** Brief **
Nothing but the pictures may be left out. Restate the rest of the entries word for word.

** Study material **
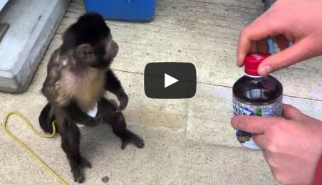 缶ジュースを自動販売機で買って飲んじゃうおサルさん
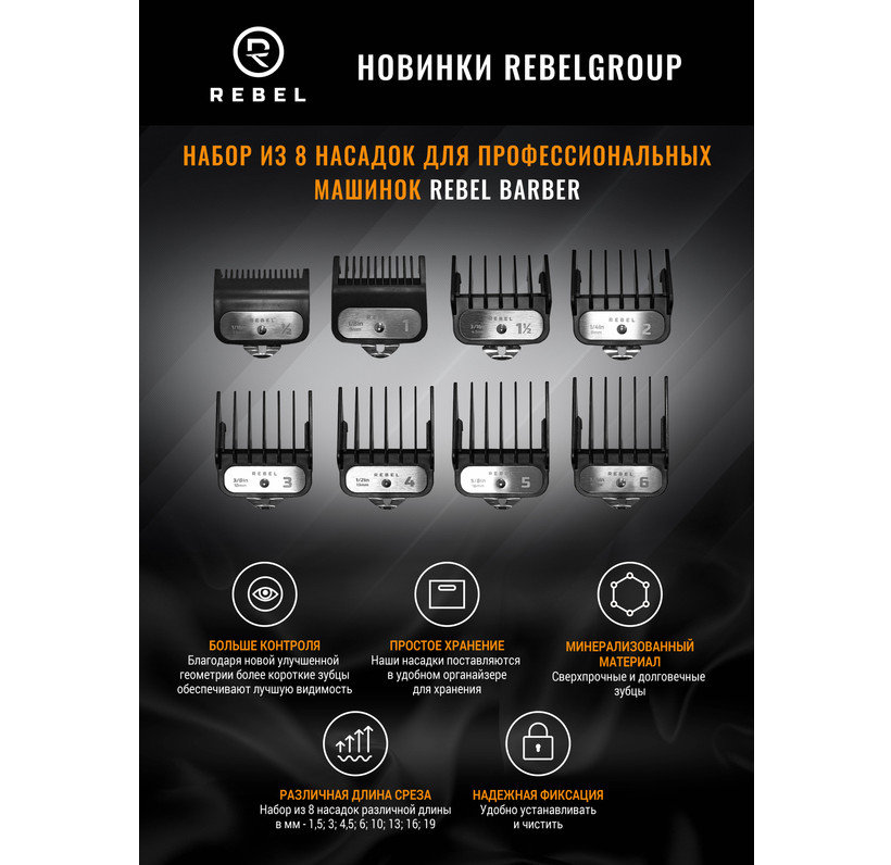Комплект насадок для профессиональных машинок REBEL BARBER 8 шт.
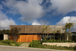 Marcos Bertoldi Arquitetos designs the Casa Thomé Beira da Silva with wooden elements for an inviting and warm atmosphere.
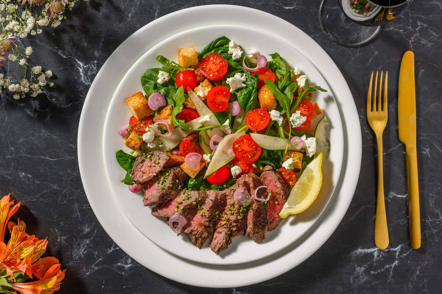 Répartir la salade dans les assiettes. Garnir de canard et d’asperges. Parsemer de fromage de chèvre et de noix de Grenoble. Arroser le canard du reste de la vinaigrette.
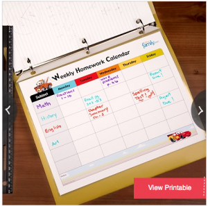 Free Printable homework calendar

** Task output **
 缶ジュースを自動販売機で買って飲んじゃうおサルさん
Комплект насадок для профессиональных машинок REBEL BARBER 8 шт.
 Marcos Bertoldi Arquitetos designs the Casa Thomé Beira da Silva with wooden elements for an inviting and warm atmosphere.
 Répartir la salade dans les assiettes. Garnir de canard et d’asperges. Parsemer de fromage de chèvre et de noix de Grenoble. Arroser le canard du reste de la vinaigrette.
 Free Printable homework calendar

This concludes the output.